* Work order: Repeat the entries below word for word, though any picture in them should be dropped.

━━ Input data ━━

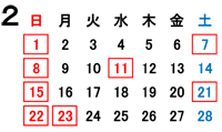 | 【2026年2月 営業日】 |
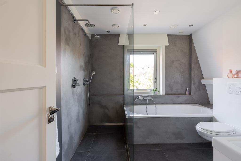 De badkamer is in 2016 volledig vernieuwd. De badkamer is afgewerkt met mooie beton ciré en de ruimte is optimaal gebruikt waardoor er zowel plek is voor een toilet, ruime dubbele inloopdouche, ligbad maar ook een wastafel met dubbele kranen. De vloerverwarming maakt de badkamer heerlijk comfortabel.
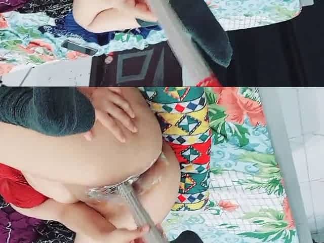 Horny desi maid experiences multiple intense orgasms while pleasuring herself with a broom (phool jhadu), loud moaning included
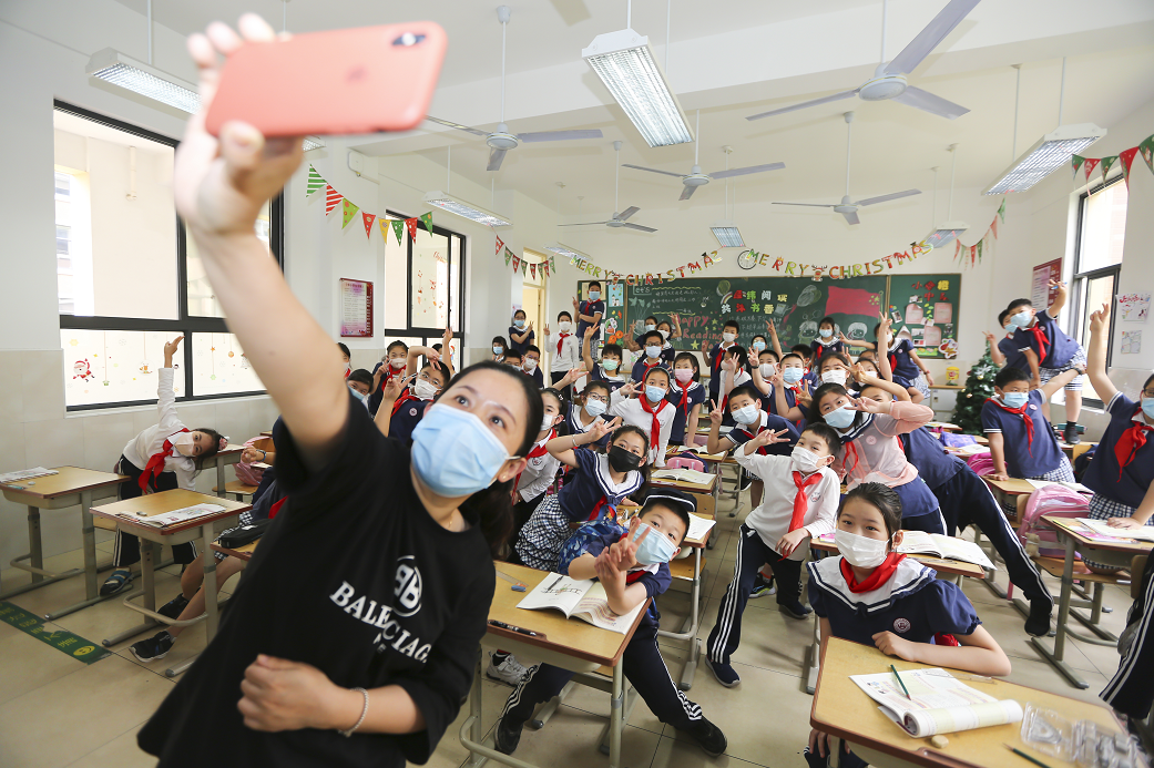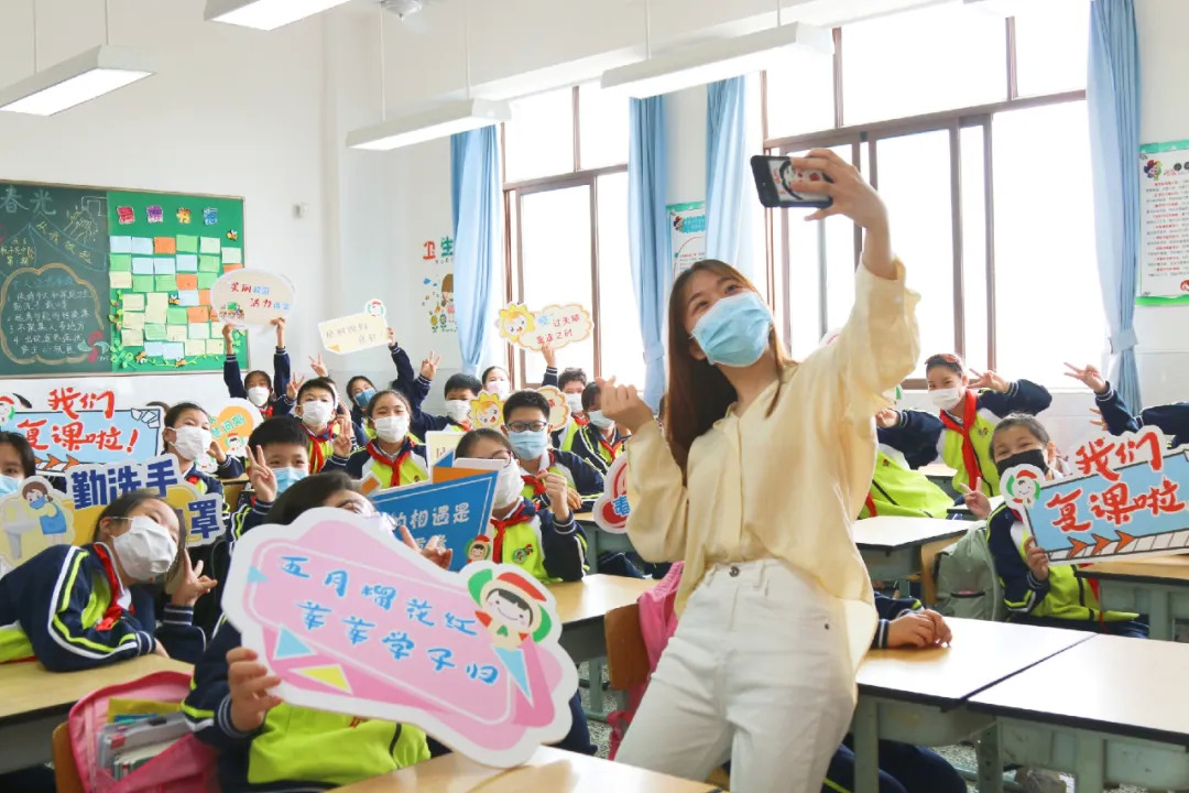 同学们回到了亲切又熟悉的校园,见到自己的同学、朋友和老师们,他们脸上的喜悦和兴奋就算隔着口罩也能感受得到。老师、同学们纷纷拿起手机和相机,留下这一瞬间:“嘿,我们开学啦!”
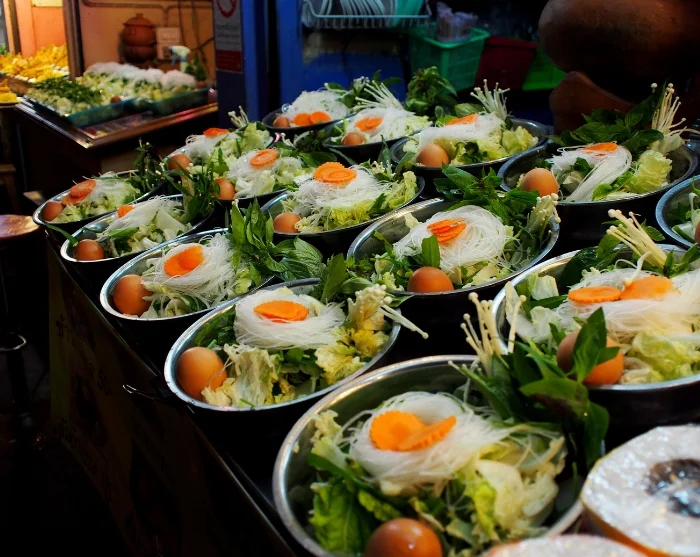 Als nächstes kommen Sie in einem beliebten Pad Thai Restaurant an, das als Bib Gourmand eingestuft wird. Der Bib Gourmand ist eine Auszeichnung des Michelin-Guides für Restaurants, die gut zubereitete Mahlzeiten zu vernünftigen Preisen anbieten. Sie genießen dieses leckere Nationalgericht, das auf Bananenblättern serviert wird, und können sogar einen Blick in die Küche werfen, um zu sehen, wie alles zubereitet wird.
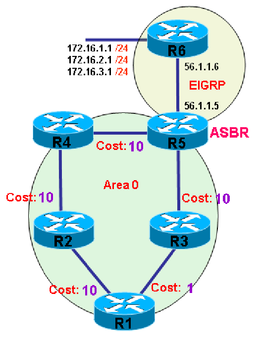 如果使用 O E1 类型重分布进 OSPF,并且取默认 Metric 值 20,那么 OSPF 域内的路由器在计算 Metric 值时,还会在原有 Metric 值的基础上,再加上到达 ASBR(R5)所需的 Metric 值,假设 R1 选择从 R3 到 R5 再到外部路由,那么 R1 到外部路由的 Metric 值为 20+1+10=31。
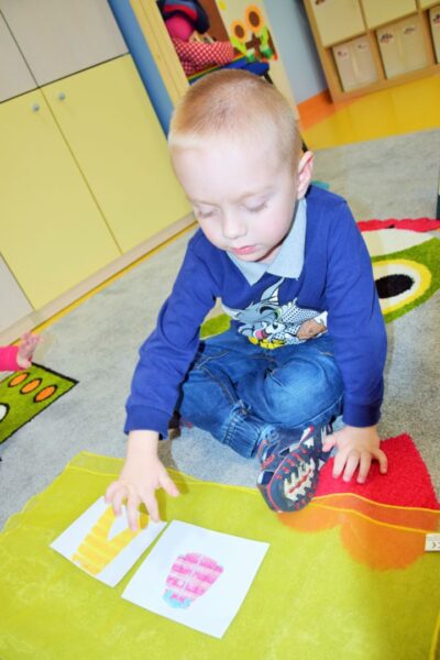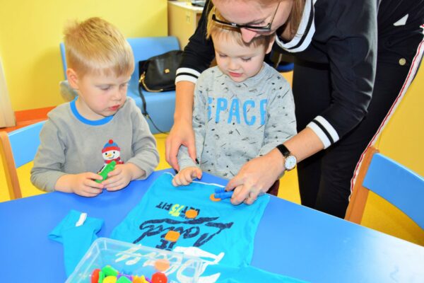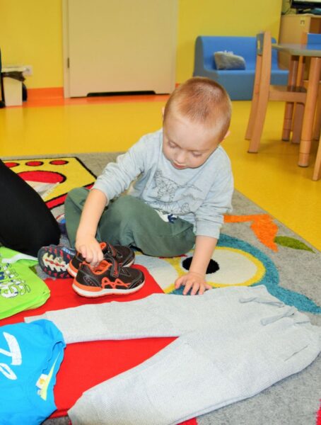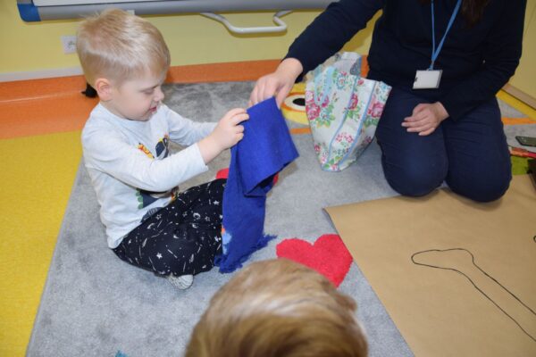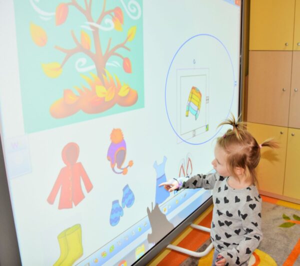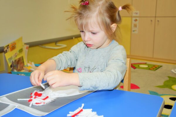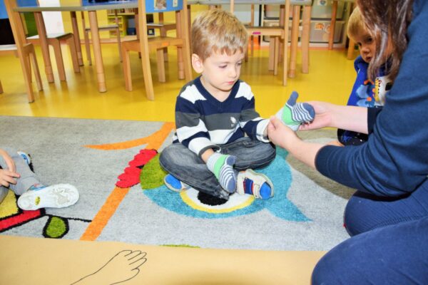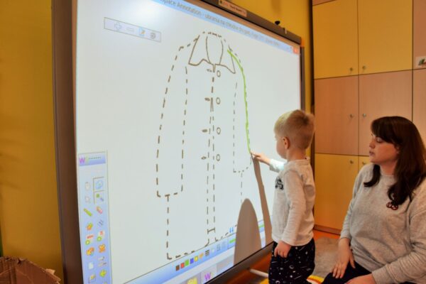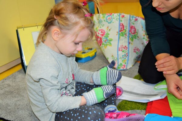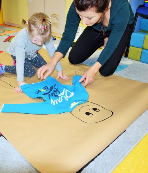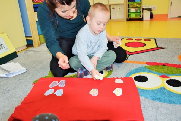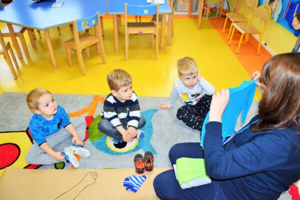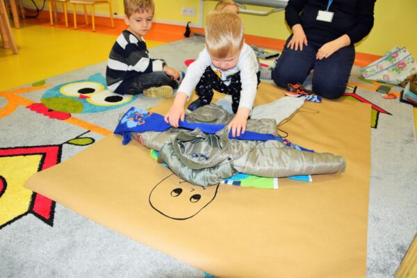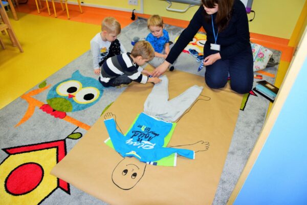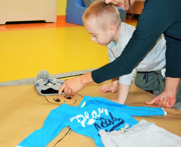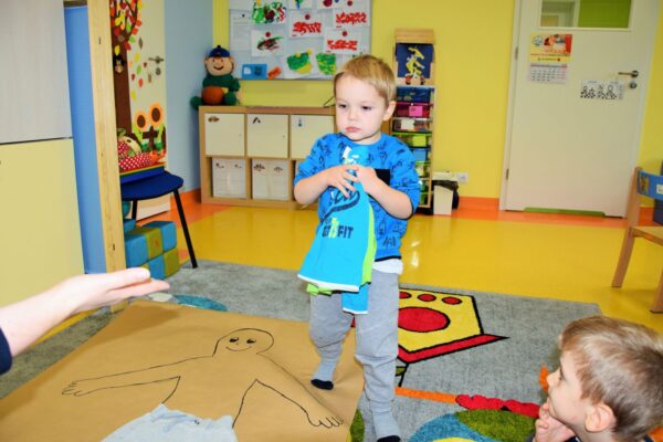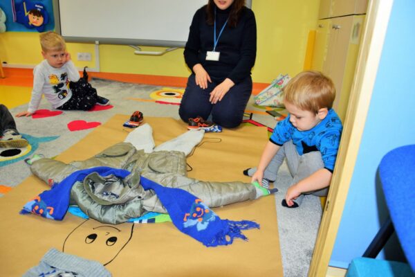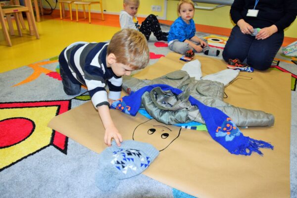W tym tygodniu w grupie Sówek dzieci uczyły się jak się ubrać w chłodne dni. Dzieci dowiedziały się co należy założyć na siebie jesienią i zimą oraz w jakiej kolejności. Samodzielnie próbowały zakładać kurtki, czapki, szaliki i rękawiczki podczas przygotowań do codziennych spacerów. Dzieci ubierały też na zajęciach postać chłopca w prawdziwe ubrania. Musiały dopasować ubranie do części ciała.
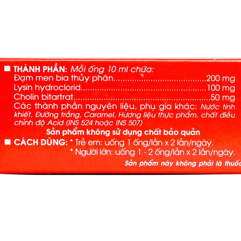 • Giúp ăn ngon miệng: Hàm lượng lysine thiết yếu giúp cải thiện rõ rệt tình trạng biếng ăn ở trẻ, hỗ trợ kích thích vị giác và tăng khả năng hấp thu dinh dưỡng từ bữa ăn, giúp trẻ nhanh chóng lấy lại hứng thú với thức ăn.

━━━

* Exercise answer:
 | 【2026年2月 営業日】 |
 De badkamer is in 2016 volledig vernieuwd. De badkamer is afgewerkt met mooie beton ciré en de ruimte is optimaal gebruikt waardoor er zowel plek is voor een toilet, ruime dubbele inloopdouche, ligbad maar ook een wastafel met dubbele kranen. De vloerverwarming maakt de badkamer heerlijk comfortabel.
 Horny desi maid experiences multiple intense orgasms while pleasuring herself with a broom (phool jhadu), loud moaning included
 同学们回到了亲切又熟悉的校园,见到自己的同学、朋友和老师们,他们脸上的喜悦和兴奋就算隔着口罩也能感受得到。老师、同学们纷纷拿起手机和相机,留下这一瞬间:“嘿,我们开学啦!”
 Als nächstes kommen Sie in einem beliebten Pad Thai Restaurant an, das als Bib Gourmand eingestuft wird. Der Bib Gourmand ist eine Auszeichnung des Michelin-Guides für Restaurants, die gut zubereitete Mahlzeiten zu vernünftigen Preisen anbieten. Sie genießen dieses leckere Nationalgericht, das auf Bananenblättern serviert wird, und können sogar einen Blick in die Küche werfen, um zu sehen, wie alles zubereitet wird.
 如果使用 O E1 类型重分布进 OSPF,并且取默认 Metric 值 20,那么 OSPF 域内的路由器在计算 Metric 值时,还会在原有 Metric 值的基础上,再加上到达 ASBR(R5)所需的 Metric 值,假设 R1 选择从 R3 到 R5 再到外部路由,那么 R1 到外部路由的 Metric 值为 20+1+10=31。
W tym tygodniu w grupie Sówek dzieci uczyły się jak się ubrać w chłodne dni. Dzieci dowiedziały się co należy założyć na siebie jesienią i zimą oraz w jakiej kolejności. Samodzielnie próbowały zakładać kurtki, czapki, szaliki i rękawiczki podczas przygotowań do codziennych spacerów. Dzieci ubierały też na zajęciach postać chłopca w prawdziwe ubrania. Musiały dopasować ubranie do części ciała.
 • Giúp ăn ngon miệng: Hàm lượng lysine thiết yếu giúp cải thiện rõ rệt tình trạng biếng ăn ở trẻ, hỗ trợ kích thích vị giác và tăng khả năng hấp thu dinh dưỡng từ bữa ăn, giúp trẻ nhanh chóng lấy lại hứng thú với thức ăn.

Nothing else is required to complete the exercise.